In the summer of 2019, I suffered a pituitary apoplexy. This sudden bleed into the pituitary gland fundamentally changed my way of being.

Not only did I require a full six months off work, but I was also plunged into dependency on medicines – hydrocortisone and desmopressin – and managing a set of homeostatic functions that had been invisible (urine output, fluid intake, monitoring everyday feelings of tiredness, “brain fog”, and needing to moderate hydrocortisone doses by analysing levels of stress – either internal and emotional, or external such as infections etc). And I was tired the whole time, a form of deep existential exhaustion. I became easily exhausted after exercise, or if I was over stimulated thinking at work, or indeed after socialising. I had settled into these newly acquired rhythms of life, struggled with the psychological consequences of the new way of being, and had convinced myself that these were permanent changes to which I had to adapt.

But after a couple of years things started to change.  

I first noticed that I was concentrating my urine, and I just got this feeling that I no longer required the desmopressin. I had been planning trips into town by way of public or easily accessible toilets – when you suffer from diabetes insipidus, when you need to go, you really need to go – but the gaps between going to the toilet were increasing. I had been taking desmopressin at night, to allow me to sleep, but then not urinating in the morning either. I halved the dose, then increasingly just left evening doses out. I had the suspicion that taking the desmopressin was doing me more harm than good.

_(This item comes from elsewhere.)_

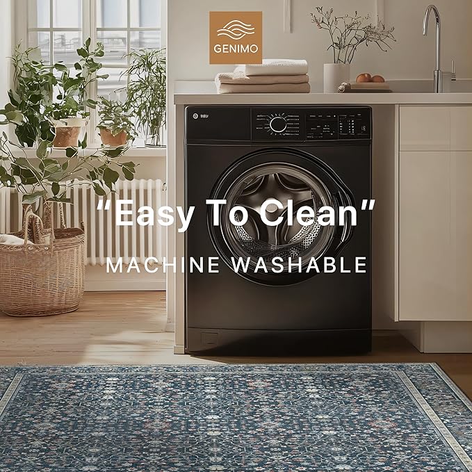 GENIMO Washable Area Rugs for Living Room Bedroom, 6x9 Boho Vintage Non Slip Rug, Low Pile Soft Floral Indoor Floor Carpet Cover for Dining Room Kitchen, Retro Dark Blue

And then when I felt unwell, dizzy, as had happened several times, I would be off to the hospital to have my sodium levels checked. I could never rule out that I might not be in the beginnings of an adrenal crisis, and the previous two times had revealed dangerously low sodium levels, and drips of hydrocortisone had been put up. But the last time this happened my sodium levels were returned normal. It was not an incipient adrenal crisis. The consultant gave me the good news that the repeat MRI scan of my brain revealed a pituitary that appeared recovered from a bleed. I went in for a synacthen test – the proxy indicator for measuring our abilities to produce cortisol – and this was normal: I received a message from the consultant asking if I was certain that I had not taken my hydrocortisone that morning (you have to leave off the morning dose for the test to be meaningful). The results indicated that my pituitary was producing cortisol within the normal range. I asked if this meant that I could stop abiding the sick day rules – that is putting up the hydrocortisone dose in response to stress (concurrent infections, dental or surgical procedures, or extreme emotion distress) and he said yes – in fact, I could stop the hydrocortisone completely.

Having convinced myself that I was dependent on desmopressin and hydrocortisone for the rest of my life, I now had the opposite psychological issue. I had to readapt to the fact that I was no longer suffering from hypopituitarism and adjust accordingly. This was not the joyous emotional relief that you might think, as it took me several months to no longer carry around my emergency vial of hydrocortisone; and I carried on wearing my dependency bracelet. I had come to rely on medicine’s authority and reassurances in the absence of my body’s ability for homeostatic adjustment. Could I now trust my body again to deal with these issues on its own, that so many of us just take for granted? The sense of vulnerability of a failing body left its trace.

Objective numbers, normal returning tests, and scans do not translate into subjective feelings of wellness. How do I feel in myself? I am not the person I was pre apoplexy, in that I tire easily both physically and cognitively. Prior to the apoplexy I had been striving to climb all the Scottish Munros (mountains over 3000 feet), and although I can still get into the hills, I no longer have the stamina, or the motivation to continue climbing as I did. Yet this is not so bad, as with my slowing down I now appreciate that which is closer to home, more sedentary walks, but ones where I take in more of my surroundings. My appreciation of the beauty of nature has increased. I can no longer work late into the evening as I used to, and this too is not a bad thing, I engage more with my family and am better at relaxing. I now realise my limitations.

I have slowed down, and in many senses, this is a gift – the gift of illness. We cannot take our bodies and health for granted. We can become ill, and seriously ill, at any time. It is our lot in life. I’d like to think I live more in the moment and am more appreciative of what life has to offer.